# Impact of a viscoelastic drop on a solid

We solve the axisymmetric, incompressible, variable-density, Navier–Stokes equations with two phases and use the log-conformation method to include viscoelastic stresses. The curvature module is used to compute interface properties.

``````#include "axi.h"
#include "navier-stokes/centered.h"
#include "two-phase.h"
#include "log-conform.h"
#include "curvature.h"
``````

The density and viscosity ratios are 1000. The Reynolds number based on the droplet diameter, velocity and viscosity is 5 and the Froude number is 2.26.

``````#define RHO_r 0.001
#define MU_r 0.001
#define RE 5.
#define FR 2.26
#define LEVEL 7``````

The dimensionless viscoelastic properties used are the ratio of the solvent to the total viscoelastic viscosity (polymeric plus solvent) and the Weissenberg number.

``````#define BETA 0.1
#define WI 1.0

scalar lambdav[], mupv[];``````

The drop comes from the right. We allow the fluid to get through that boundary.

``````u.n[right] = neumann(0);
p[right]   = dirichlet(0);``````

The wall is at the left side. We apply a no-slip boundary condition and a non-wetting condition for the VOF tracer.

``````u.t[left] = dirichlet(0);
tau_qq[left] = dirichlet(0);
f[left]   = 0.;

int main() {``````

The domain spans $\left[0:2.6\right]×\left[0:2.6\right]$.

``````  size (2.6);
init_grid (1 << LEVEL);``````

The densities and viscosities are defined by the parameters above.

``````  rho1 = 1.;
rho2 = RHO_r;
mu1 = BETA/RE;
mu2 = MU_r/RE;``````

The viscoelastic fields will be set below.

``````  mup = mupv;
λ = lambdav;``````

We set a maximum timestep. This is necessary for proper temporal resolution of the viscoelastic stresses.

``````  DT = 2e-3;
run();
}

event init (t = 0) {``````

At a wall of normal $\mathbf{\text{n}}$ the component of the viscoelastic stress tensor $ta{u}_{{p}_{nn}}$ is zero. Since the left boundary is a wall, we set $ta{u}_{{p}_{xx}}$ equal to zero at that boundary.
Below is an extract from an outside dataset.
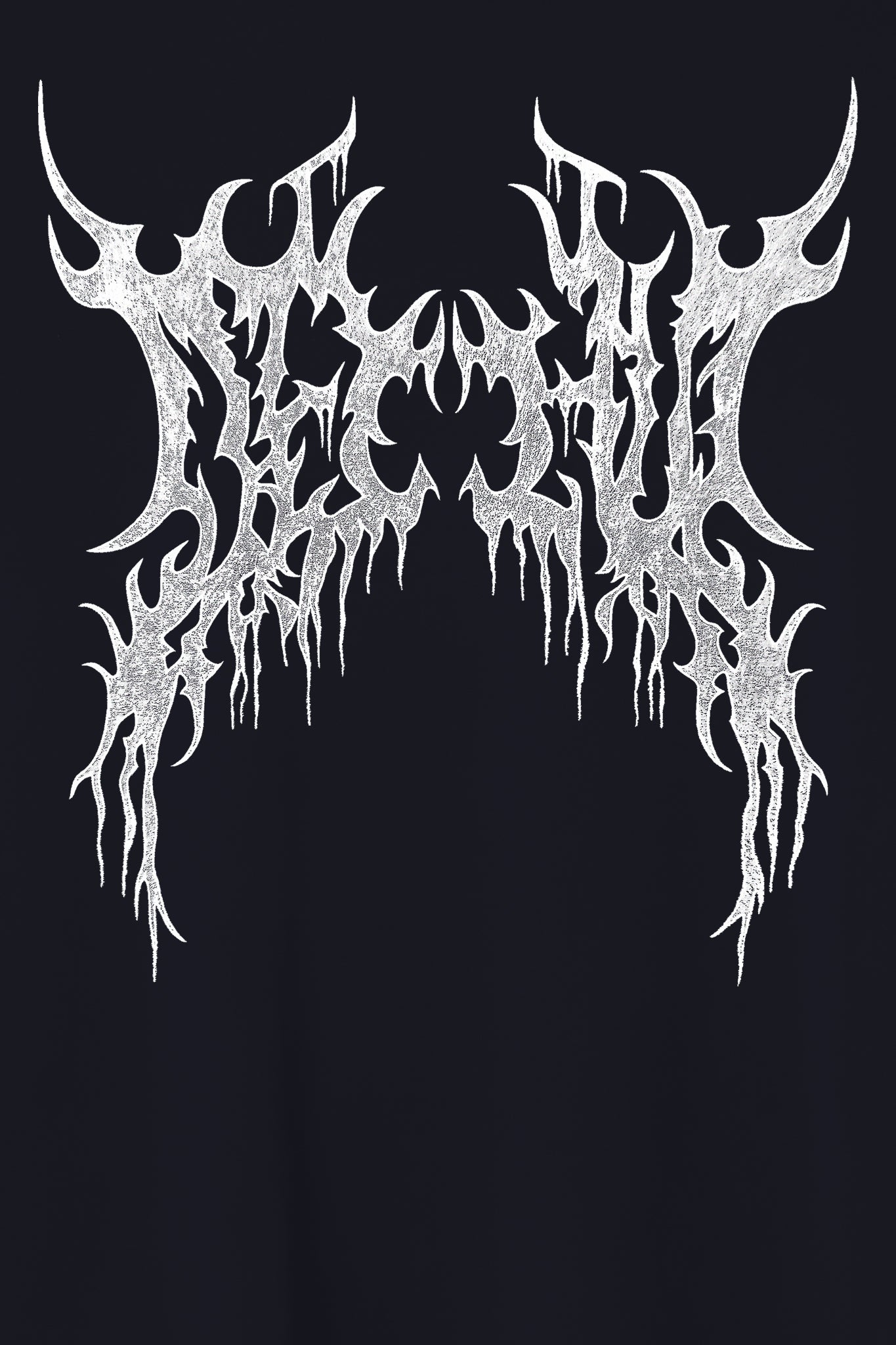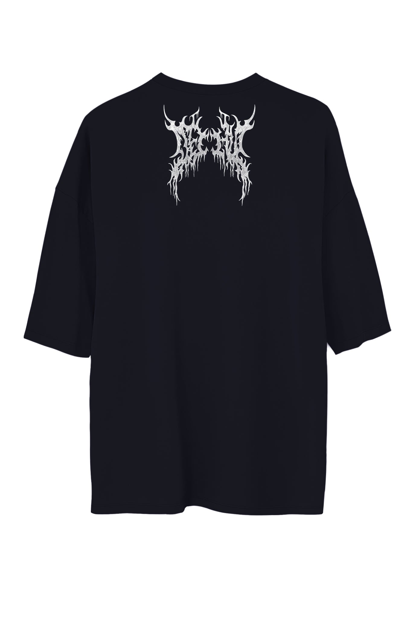 Unisex oversized black cotton T-shirt featuring a hand-drawn metal lettering design by Kim-Lan (Déchue). Regular, relaxed fit with short sleeves and a round neckline. Gray-white print, pencil style of the design in large on the front, and a smaller version under the back collar. High-definition direct print for maximum detail (very long-lasting).

``````  scalar s = tau_p.x.x;
s[left] = dirichlet(0.);``````

The drop is centered on (2,0) and has a radius of 0.5.

``  fraction (f, - sq(x - 2.) - sq(y) + sq(0.5));``

The initial velocity of the droplet is -1.

``````  foreach()
u.x[] = - f[];
}``````

We add the acceleration of gravity.

``````event acceleration (i++) {
face vector av = a;
foreach_face(x)
av.x[] -= 1./sq(FR);
}``````

We update the viscoelastic properties. Only the droplet is viscoelastic.
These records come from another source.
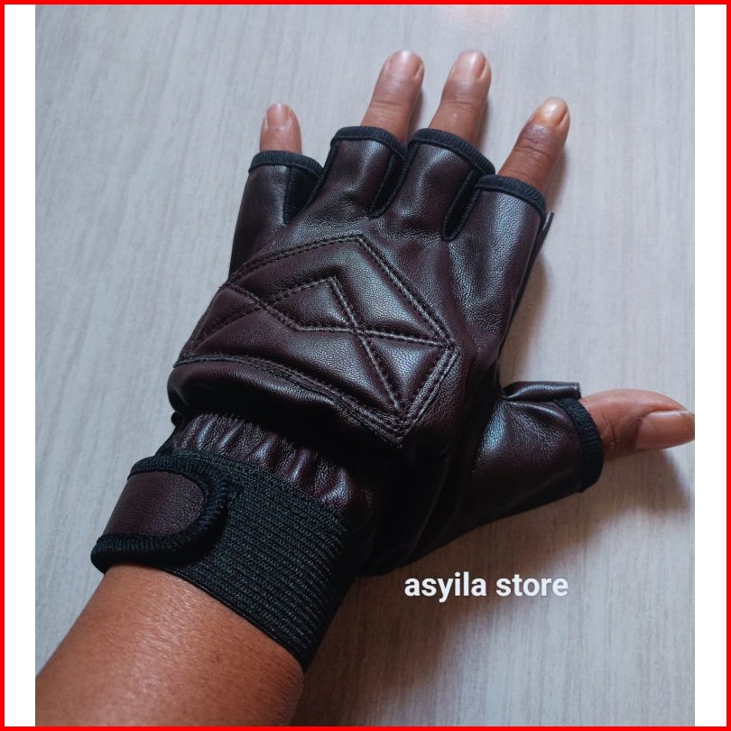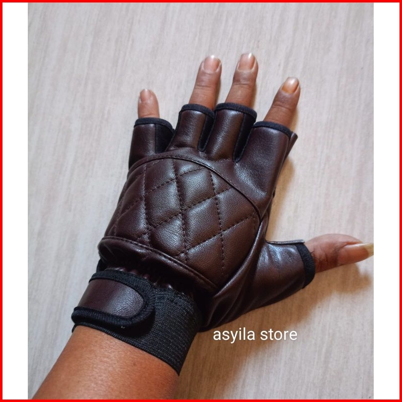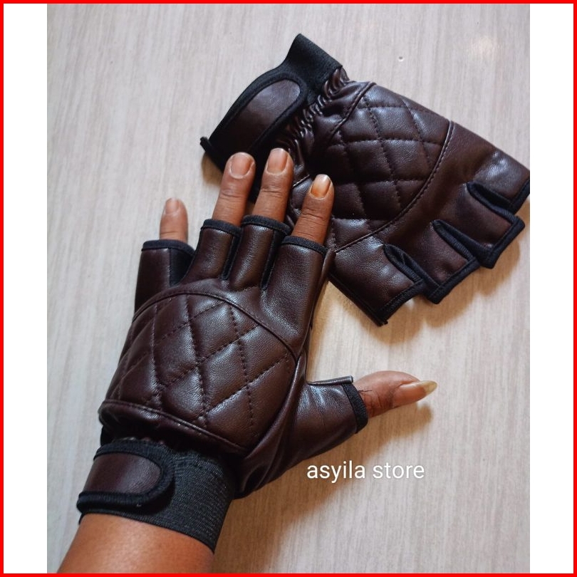 Sarung Tangan Motor Dua Jari Terbuka Kulit Sintetis Sarung Tangan Motor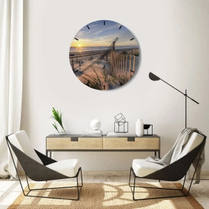 • Diese runde Wanduhr zeigt einen Strand und Dünen bei Sonnenuntergang. Eine dezente und elegante Ergänzung für naturinspirierte Innenräume.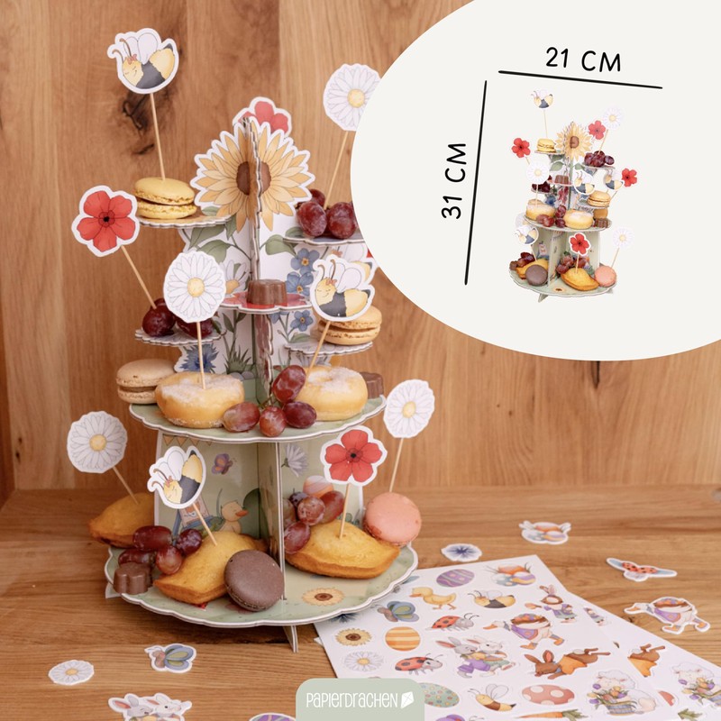 Whether sweet or savoury, with this cake stand you can present your delicacies in a stylish way. Small appetizers, cupcakes or even savoury snacks find their place on the generous levels. With a height of 31 cm, there is enough space for all your treats. Thanks to the clever plug-in system, the cake stand is not only easy to assemble, but also to store away to save space – and best of all: it is reusable every year!

``````event properties (i++) {
foreach() {
mupv[] = (1. - BETA)*clamp(f[],0,1)/RE;
lambdav[] = WI*clamp(f[],0,1);
}
boundary ({mupv, lambdav});
}``````

We adapt the solution at every timestep based on the interface and velocity errors.

``````#if TREE
adapt_wavelet ({f, u.x, u.y}, (double[]){1e-2, 5e-3, 5e-3},
maxlevel = LEVEL, minlevel = LEVEL - 2);
}
#endif``````

We track the spreading diameter of the droplet.
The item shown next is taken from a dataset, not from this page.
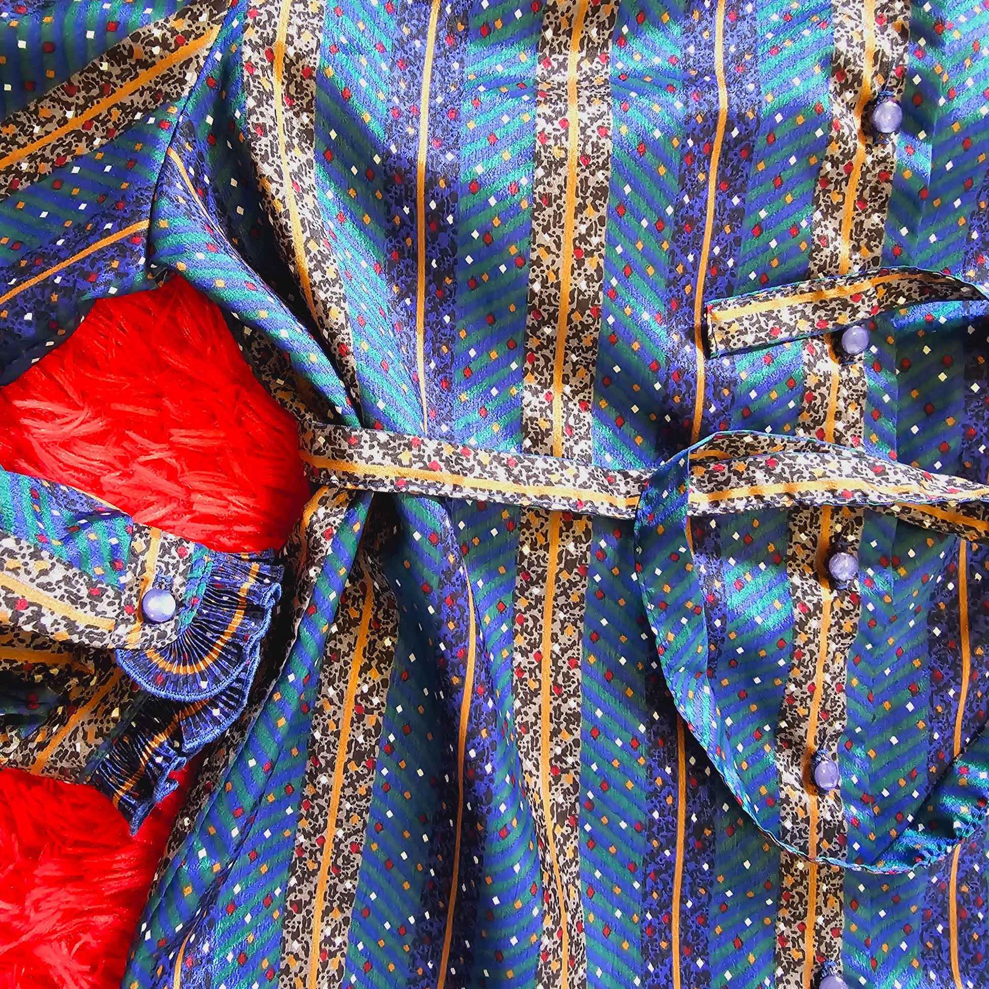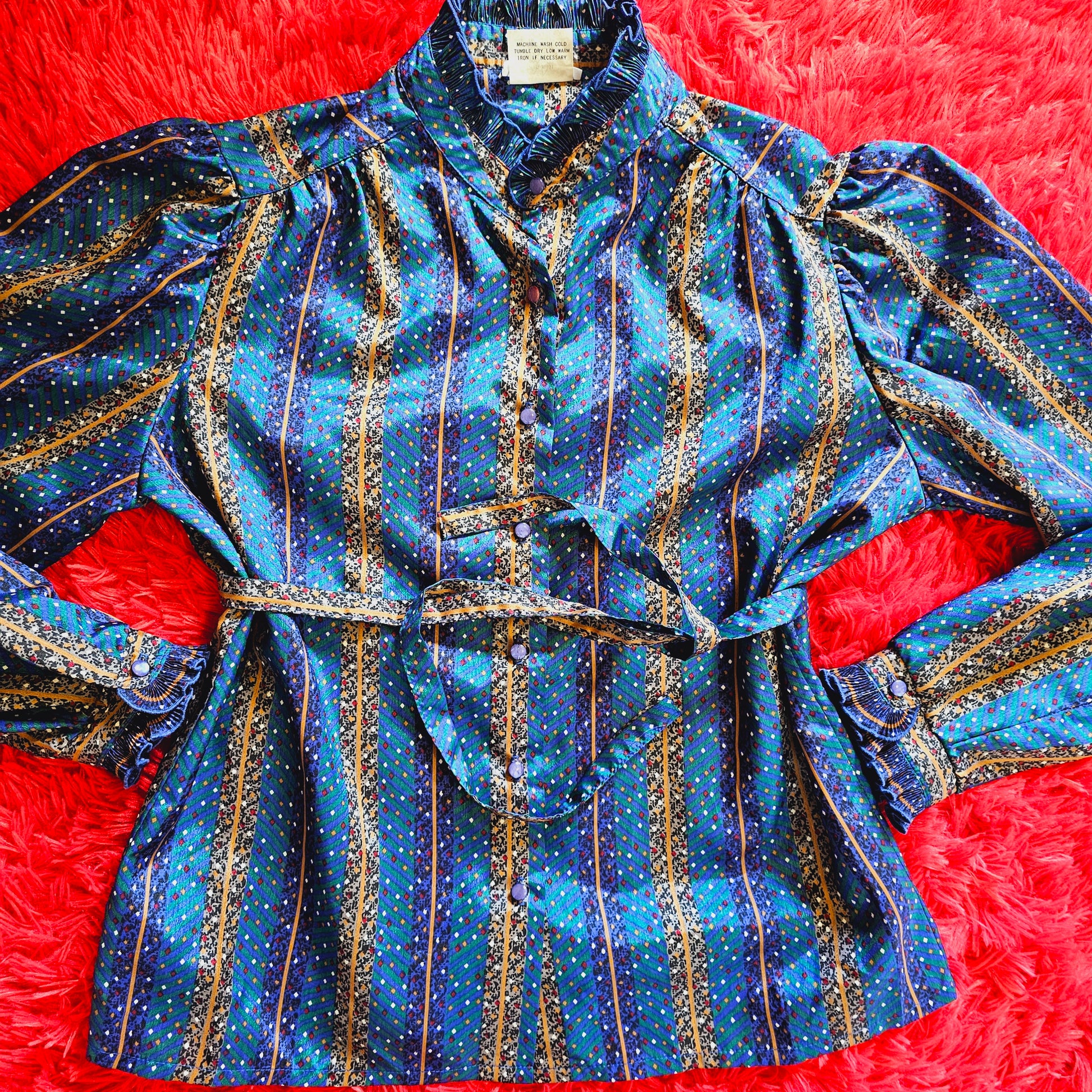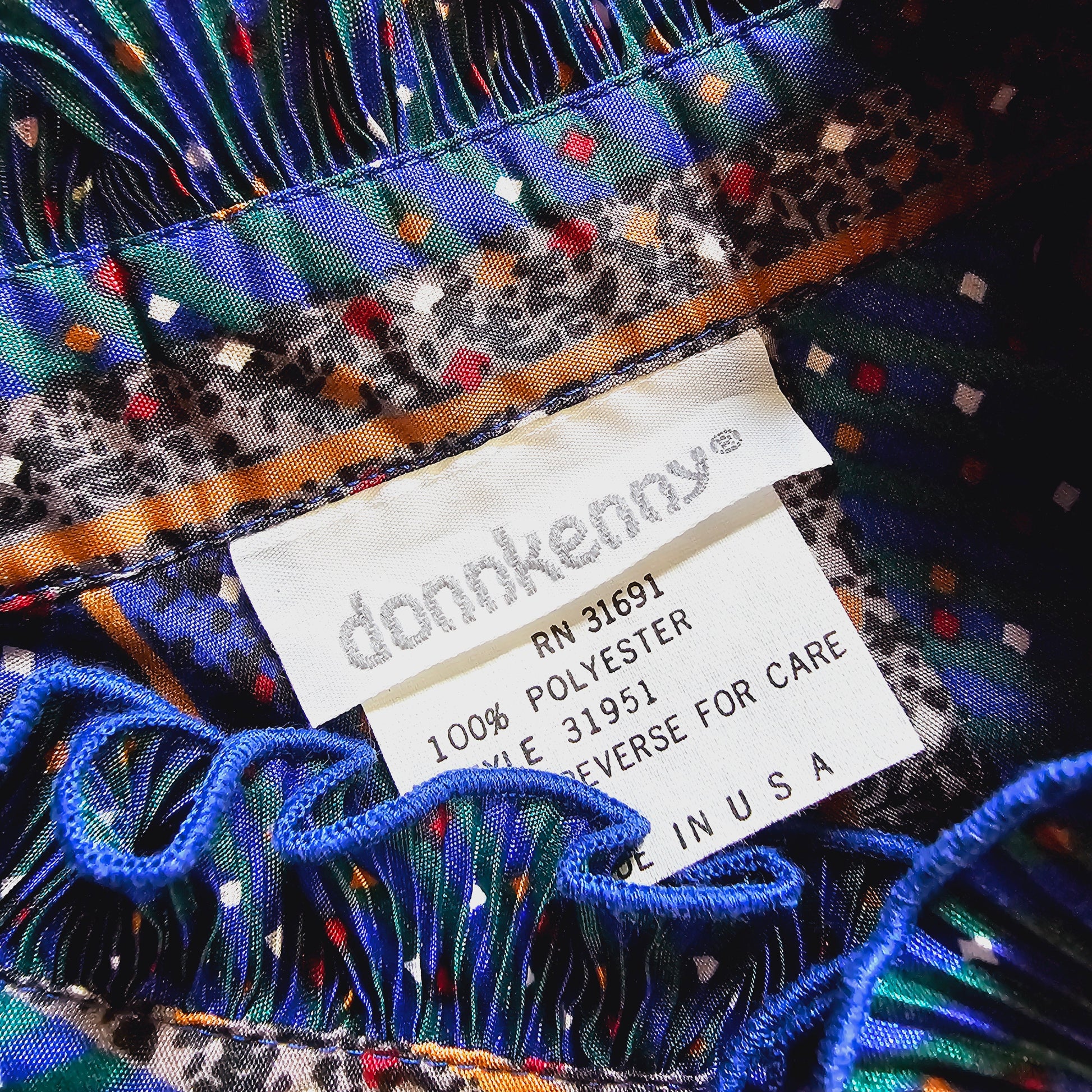 This vibrant 1970s Donnkenny Blouse is so eye catching! Labeled size 16, fits like a modern M/L depending on desired fit. Measurements below taken laid flat, please double where applicable. 100% polyester. Optional tie sash.

``````event logfile (i += 20; t <= 5) {
scalar pos[];
position (f, pos, {0,1});
fprintf (stderr, "%g %g\n", t, 2.*statsf(pos).max);
}``````

We generate a movie of the interface shape.

``````#include "view.h"

event viewing (i += 10) {
view (width = 400, height = 400, fov = 20, ty = -0.5,
quat = {0, 0, -0.707, 0.707});

clear();
draw_vof ("f", lw = 2);
squares ("u.x", linear = true);
box (notics = true);
mirror ({0,1}) {
draw_vof ("f", lw = 2);
squares ("u.y", linear = true);
box (notics = true);
}
save ("movie.mp4");``````

We can optionally visualise the results while we run.

``````#if 0
static FILE * fp = popen ("bppm","w");
save (fp = fp);
#endif
}``````

## Results

Animation of the interface shape. The color field on the right-hand-side (resp. l.h.s.) is the radial (resp. axial) velocity component.

The time evolution of the maximum diameter is close to that reported by Figueiredo et al. (2016).

## References

 [figueiredo2016] RA Figueiredo, CM Oishi, AM Afonso, IVM Tasso, and JA Cuminato. A two-phase solver for complex fluids: Studies of the Weissenberg effect. International Journal of Multiphase Flow, 84:98-115, 2016.